The growing kidney

Upfront is a quick look at the latest developments from Stanford Medicine

Researchers previously thought kidneys stopped growing after childhood. That meant if a kidney was damaged, the harm was permanent.

Now, however, researchers at the Stanford Institute for Stem Cell Biology and Regenerative Medicine and the Sackler School of Medicine in Israel have discovered that kidneys grow continually.

“This research tells us that the kidney is in no way a static organ,” says Benjamin Dekel, MD, PhD, a senior author of the paper and associate professor of pediatrics at Sackler and head of the Pediatric Stem Cell Research Institute at the Sheba Medical Center in Israel. “The kidney, incredibly, rejuvenates itself and continues to generate specialized kidney cells all the time.”
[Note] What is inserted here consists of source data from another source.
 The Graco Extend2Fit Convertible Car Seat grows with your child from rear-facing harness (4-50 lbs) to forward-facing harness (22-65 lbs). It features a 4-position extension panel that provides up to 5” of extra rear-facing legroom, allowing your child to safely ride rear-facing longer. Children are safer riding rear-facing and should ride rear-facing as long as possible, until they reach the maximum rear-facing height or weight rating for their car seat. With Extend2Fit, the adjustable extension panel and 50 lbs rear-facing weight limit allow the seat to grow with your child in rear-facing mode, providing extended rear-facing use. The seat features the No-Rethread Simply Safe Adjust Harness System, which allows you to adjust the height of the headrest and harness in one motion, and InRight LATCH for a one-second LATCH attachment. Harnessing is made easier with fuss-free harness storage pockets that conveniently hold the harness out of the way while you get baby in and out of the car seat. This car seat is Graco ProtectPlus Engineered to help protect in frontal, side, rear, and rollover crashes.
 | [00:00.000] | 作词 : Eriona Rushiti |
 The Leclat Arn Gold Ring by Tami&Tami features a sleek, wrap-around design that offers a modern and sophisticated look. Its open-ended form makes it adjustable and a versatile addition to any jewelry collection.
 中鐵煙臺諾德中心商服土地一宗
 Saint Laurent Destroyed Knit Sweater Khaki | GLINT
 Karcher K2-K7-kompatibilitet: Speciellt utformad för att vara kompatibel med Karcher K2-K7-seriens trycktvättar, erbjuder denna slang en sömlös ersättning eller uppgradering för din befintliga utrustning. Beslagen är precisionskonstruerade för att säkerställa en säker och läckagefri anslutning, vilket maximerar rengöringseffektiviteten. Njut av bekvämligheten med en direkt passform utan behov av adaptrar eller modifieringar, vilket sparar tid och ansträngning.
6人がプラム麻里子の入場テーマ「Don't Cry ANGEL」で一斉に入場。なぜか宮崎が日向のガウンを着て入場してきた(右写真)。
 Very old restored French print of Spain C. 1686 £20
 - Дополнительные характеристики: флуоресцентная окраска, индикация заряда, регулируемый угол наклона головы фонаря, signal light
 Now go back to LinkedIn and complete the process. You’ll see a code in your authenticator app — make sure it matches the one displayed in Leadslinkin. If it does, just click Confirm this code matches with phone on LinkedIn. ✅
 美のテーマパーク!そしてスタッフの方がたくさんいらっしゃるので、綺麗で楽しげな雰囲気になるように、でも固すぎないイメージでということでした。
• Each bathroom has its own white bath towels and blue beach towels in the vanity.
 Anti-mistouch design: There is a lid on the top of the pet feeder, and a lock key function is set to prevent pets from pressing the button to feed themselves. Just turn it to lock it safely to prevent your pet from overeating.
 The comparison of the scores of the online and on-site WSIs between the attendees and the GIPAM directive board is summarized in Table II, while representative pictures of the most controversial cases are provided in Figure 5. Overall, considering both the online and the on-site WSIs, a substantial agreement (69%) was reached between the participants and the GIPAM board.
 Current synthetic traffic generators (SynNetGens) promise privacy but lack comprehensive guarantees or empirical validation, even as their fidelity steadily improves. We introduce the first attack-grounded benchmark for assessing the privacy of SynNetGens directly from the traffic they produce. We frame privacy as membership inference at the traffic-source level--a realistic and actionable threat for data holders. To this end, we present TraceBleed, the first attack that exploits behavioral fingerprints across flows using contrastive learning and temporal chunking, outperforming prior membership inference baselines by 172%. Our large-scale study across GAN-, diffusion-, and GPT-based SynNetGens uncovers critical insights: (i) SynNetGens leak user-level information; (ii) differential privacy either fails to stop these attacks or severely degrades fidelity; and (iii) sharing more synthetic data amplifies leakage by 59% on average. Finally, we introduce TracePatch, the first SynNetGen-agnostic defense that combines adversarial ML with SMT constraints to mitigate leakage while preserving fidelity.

The findings mean scientists could strive to create kidney parts in the lab and develop new methods of treating kidney disease. The study was published in Cell Reports.

The discovery won’t revolutionize kidney treatment overnight, the researchers say. They still face many hurdles, including learning how to control the growth of a variety of cells simultaneously. Dekel says they won’t be able to manufacture an entire kidney in the near future.

Stanford authors include lead author Yuval Rinkevich, PhD, a postdoctoral scholar, and co-senior author Irving Weissman, MD, professor of pathology and of developmental biology and director of the Stanford institute.